Task details: Every entry below should be written out exactly, and no image should appear.

Provided entries:
☆ ☆ ☆ ☆
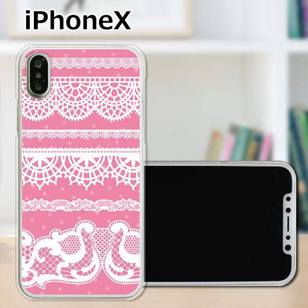 iPhoneX / iPhoneXS 共通 ハードケース/カバー 【Pinkレースボーダー PCクリアハードカバー】 スマホケース スマホカバー スマートフォンケース
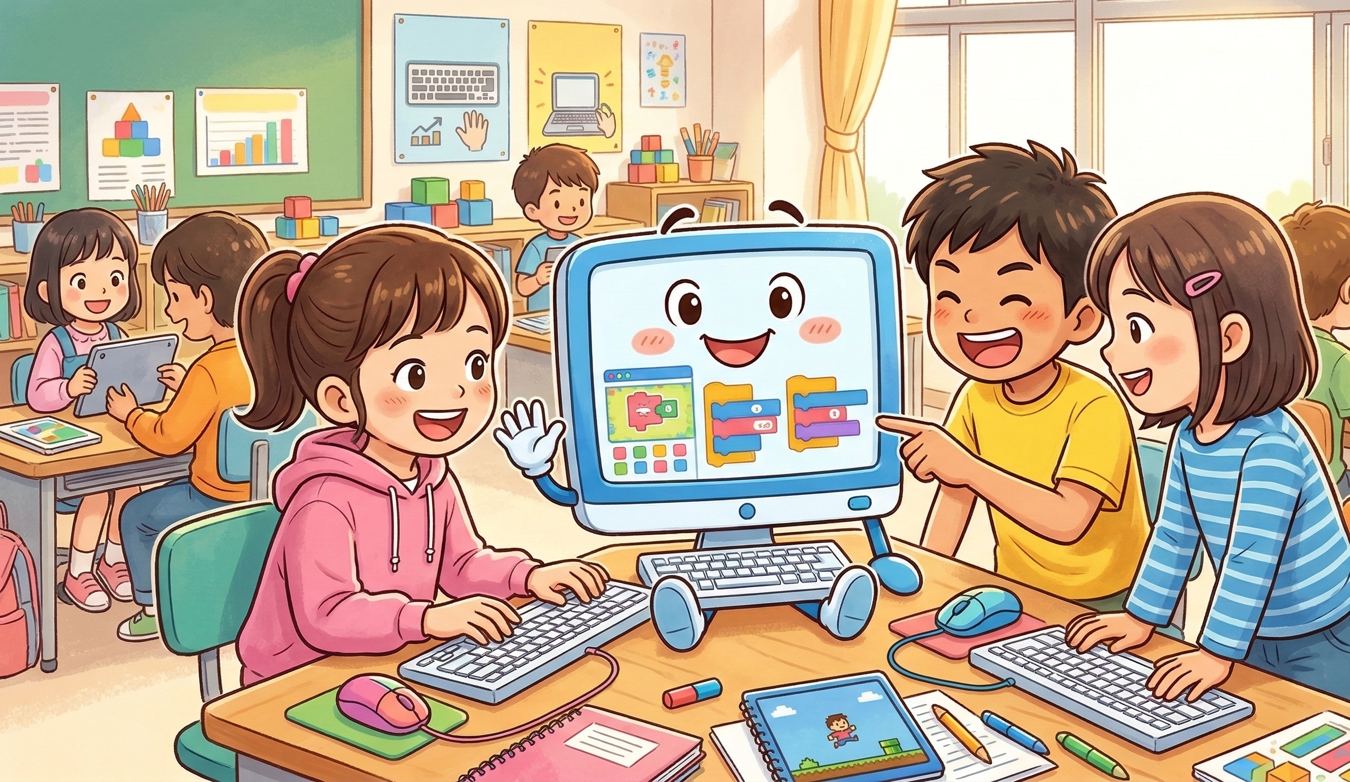 安心して学べるよう、ゲームづくりなどの体験を通して楽しみながら
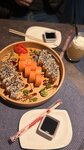 Состав: мидии, рис, нори, огурец свежий, спайси соус, икра масаго
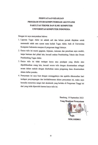UNIKOM_NAJLA_PERNYATAAN KEASLIAN.pdf - Published Version
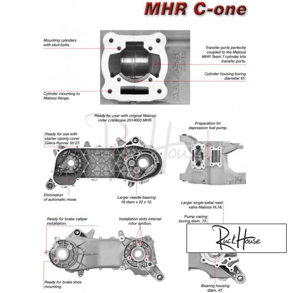 Great new for 2014! The Piaggio Crankcase Malossi C-ONE. Malossi continues to innovate and design competition parts with very strict specifications. The casing is based on Piaggio motor long type and has been optimized by the Malossi team in their italy workshops. Everything is ready to be mounted with a high racing cylinder assembly like the MHR Team. Malossi is changing the rules of the game and is once again raising the performance level for modern racing scooters. The result of extreme choices, the C-One housing marks a radical departure from the traditional structure of the scooter it is designed for and finally provides a technically advanced structure that is ready for installation of the latest generation of racing components. Until now, racing scooters could be fitted only with the original engine housing, designed to withstand a handful of horsepower and adapted to cope with the stress of competition with 70 cubic centimetre engines and about 26 horsepower. Today, on the other hand, Malossi, the innovation leader, turns the tables, proudly presenting its international public with the C-one motor housing.
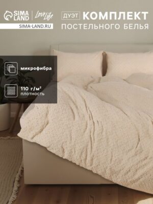 Постельное белье LoveLife Tufting дуэт "Квадрат" 143*215см-2шт,230*240см,50*70см-2шт, цвет бежевый, 110 г/м. LoveLife
☆ ☆ ☆ ☆
Exercise result:
 iPhoneX / iPhoneXS 共通 ハードケース/カバー 【Pinkレースボーダー PCクリアハードカバー】 スマホケース スマホカバー スマートフォンケース
 安心して学べるよう、ゲームづくりなどの体験を通して楽しみながら
 Состав: мидии, рис, нори, огурец свежий, спайси соус, икра масаго
UNIKOM_NAJLA_PERNYATAAN KEASLIAN.pdf - Published Version
 Great new for 2014! The Piaggio Crankcase Malossi C-ONE. Malossi continues to innovate and design competition parts with very strict specifications. The casing is based on Piaggio motor long type and has been optimized by the Malossi team in their italy workshops. Everything is ready to be mounted with a high racing cylinder assembly like the MHR Team. Malossi is changing the rules of the game and is once again raising the performance level for modern racing scooters. The result of extreme choices, the C-One housing marks a radical departure from the traditional structure of the scooter it is designed for and finally provides a technically advanced structure that is ready for installation of the latest generation of racing components. Until now, racing scooters could be fitted only with the original engine housing, designed to withstand a handful of horsepower and adapted to cope with the stress of competition with 70 cubic centimetre engines and about 26 horsepower. Today, on the other hand, Malossi, the innovation leader, turns the tables, proudly presenting its international public with the C-one motor housing.
 Постельное белье LoveLife Tufting дуэт "Квадрат" 143*215см-2шт,230*240см,50*70см-2шт, цвет бежевый, 110 г/м. LoveLife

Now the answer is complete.